S1.1.4, calculating the boiling heat transfer coefficient of the heat transfer type on the secondary side according to the formula (2-4).

α₂＝5P_sg ^0.2q^0.7 (2-4)

In the formula: p_sgThe operating pressure of the secondary side, Pa; q is the heat flow density of the heat transfer tube, W/m²。

S1.1.5, calculating the thermal resistance R of the pipe wall according to the formula (2-5)_ωThe heat transfer tube material used in this example was Incoloy-800, whose heat transfer coefficient was calculated according to the formula recommended by KWU:

λ＝11.628+1.57*10^-2t_w (2-5)

in the formula: t is t_wThe temperature of the tube wall is measured in degrees centigrade.

S1.1.6, calculating the heat transfer coefficient k between the primary side and the secondary side by combining the formulas (2-3), (2-4) and (2-5):

in the formula: d_oAnd d_iThe outer diameter and the inner diameter m of the heat transfer pipe respectively; r_ωIs the thermal resistance of the tube wall, (m)²·℃)/W；R_sIs the thermal resistance of heat transfer tube wall fouling, (m)²·℃)/W。

S1.1.7, calculating the heat transfer area of the heat transfer pipe by combining the formulas (2-1) and (2-6):

in the formula: the reserve coefficient C taken in this example is 1.1; q_sgW is the heat exchange amount; delta t is a secondary side heat transfer temperature difference, DEG C; k is the heat transfer coefficient of the primary and secondary sides, W/(m)²·℃)。
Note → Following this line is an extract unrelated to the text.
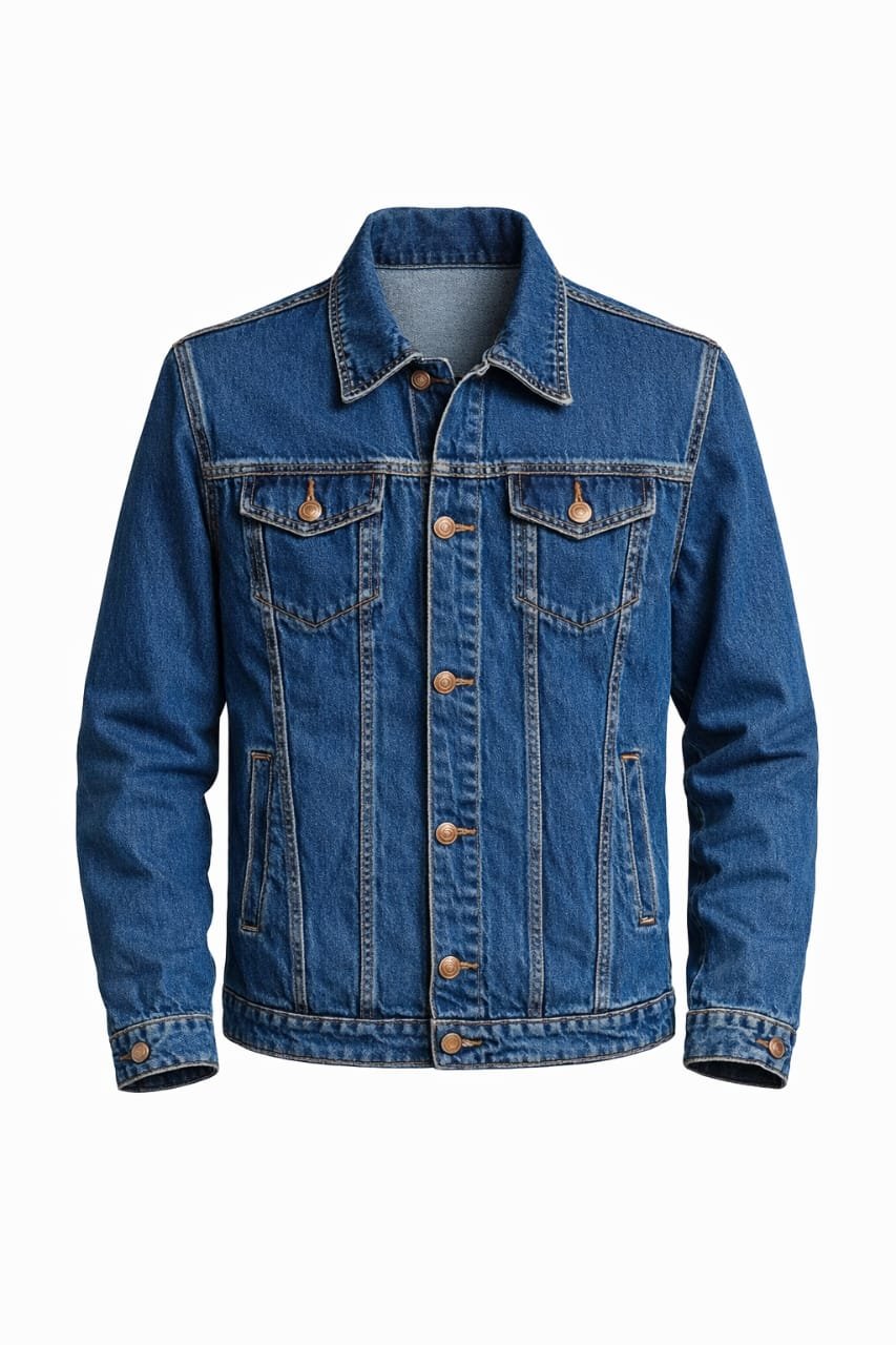 This classic blue denim jacket is crafted for timeless style and long-lasting comfort. Made from premium-quality denim, it features a rich indigo wash, reinforced double stitching, and signature copper-tone buttons for an authentic vintage look. The structured fit, buttoned chest pockets, and convenient side pockets make it both stylish and practical for everyday wear. Ideal for casual outings, streetwear fashion, and year-round layering, this jacket pairs effortlessly with jeans, chinos, or T-shirts. A versatile wardrobe essential designed for men who appreciate durability, comfort, and effortless style.

S1.2, after the heat transfer area of the heat transfer pipe is obtained through thermodynamic calculation, the detailed calculation of the internal structure can be carried out, and the structural calculation aims to obtain parameters such as the number of the heat transfer pipes, the diameter of a pipe bundle and the height of a straight pipe section and is used for the next hydraulic calculation.

S1.2.1, calculating the number of heat transfer areas of the heat transfer tubes according to a formula (2-8):

in the formula: d_iIs the inner diameter of the heat transfer tube, m; u. of_lThe flow velocity of the working medium in the heat transfer pipe is m/s; rho_lIs the density of working medium in the heat transfer pipe, kg/m³；G_sgThe primary flow rate is kg/s.

S1.2.2, in combination with equation (2-8), calculate the tube bundle diameter:

in the formula: when the heat transfer pipes are arranged in a square shape, b takes a value of 1.19; b takes a value of 1.1 when arranged in a triangle; n is the number of the pull rods; s is the pitch of the heat transfer tubes, m; b ═ 1 to 1.5 d₀。

S1.2.3, in combination with equation (2-8), calculating the height of the straight section of the steam generator heat transfer tube bundle:

in the formula: l is_totalIs the total length of the U-shaped tube, m;

is the average diameter, m, of the tubes in the elbow region.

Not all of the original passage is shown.